- Born: 6 August 1938 (age 87) Donje Jesenje, Yugoslavia

Academic background
- Alma mater: Faculty of Philosophy in Zagreb (PhD)
- Thesis: Opis današnjeg istrorumunjskog (1965)

Academic work
- Discipline: Linguist
- Institutions: Croatian Academy of Sciences and Arts

= August Kovačec =

August Kovačec (born 6 August 1938) is a Croatian linguist and Romanicist.

== Biography ==
He was born in Donje Jesenje. He received a degree in Romance and Russian philology at the Faculty of Philosophy in Zagreb in 1960, and a PhD in 1965. From 1960 to 1962, he worked as Croatian language editor at the University of Bucharest. In 1962 he started working at the Department of Romance Languages at the Faculty of Philosophy in Zagreb, becoming professor in 1983. From 1966 to 1967 he went to Paris to further study under André Martinet and Émile Benveniste.

Since 1997, he has been a full member of the Croatian Academy of Sciences and Arts, and since 2011 a secretary of its Department of Philology.

His work is focused on the Istro-Romanian language (Opis današnjeg istrorumunjskog – Descrierea istroromânei actuale, 1971; Istrorumunjsko-hrvatski rječnik: (s gramatikom i tekstovima), 1998) as well as Jewish-Spanish spoken in Dubrovnik and Sarajevo and their contacts with Croatian.
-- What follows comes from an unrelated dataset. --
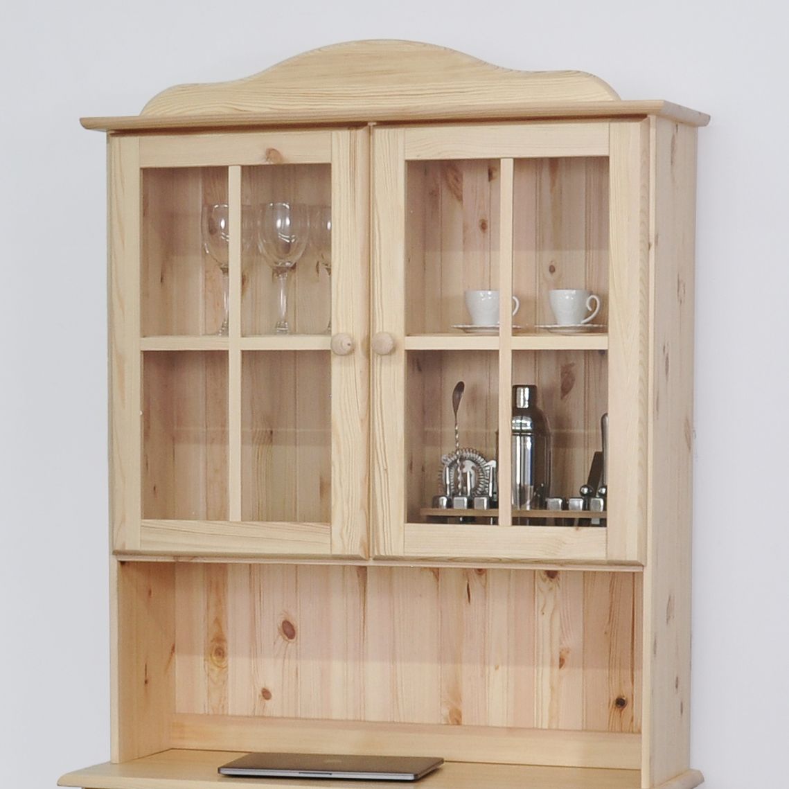 Шкаф-витрина "Лена" выполнен в универсальном классическом стиле прованс. Плавный карниз с фрезеровкой и остекленные двери с перекладинами придают ему изысканный и утончённый вид, который прекрасно дополнит любой интерьер, будь то городская современная квартира или деревенский домик. Задняя стенка надстройки выполнена из декоративной деревянной вагонки, которая придает буфету утонченный элегантный вид.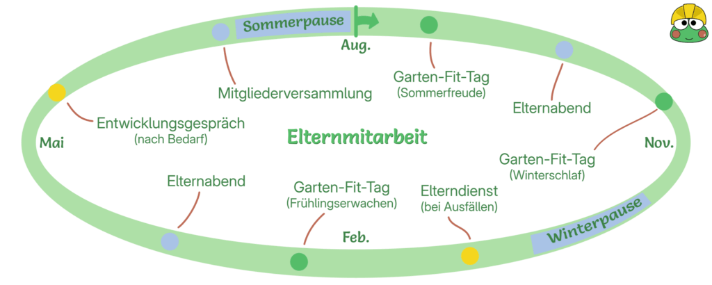 Zweimal im Jahr finden Elternabende statt, an denen die Teilnahme verpflichtend ist. Zu Beginn des Kita-Jahres gibt es eine Mitgliederversammlung. Dabei werden die neuen Eltern begrüßt und die Aufgaben für das neue Kita-Jahr verteilt. Drei mal jährlich werden gemeinschaftlich größere Aufgaben im Garten erledigt. Dazu gehört das Schneiden der Hecken, Pflegen der Bette sowie das Vorbereiten für den Winter. Nach Abschluss der Eingewöhnung und üblicherweise nach Geburtstagen findet ein Entwicklungsgespräch statt.

He published papers on French language, Romance comparative syntax, on Balkans languages and Romance literatures (Francuska književnost XIV. do XVI. st., Rumunjska književnost, in: Povijest svjetske književnosti, book 3, 1982). At the Miroslav Krleža Lexicographical Institute he was the Editor-in-Chief of the Croatian General Lexicon (1991–1996), then deputy editor (1996–2001) and finally the Editor-in-Chief of Croatian Encyclopedia (2001–2005). His articles on Croatian language policy meet criticism, arising from Kovačec's puristic approach to language and the primordialist view of nations.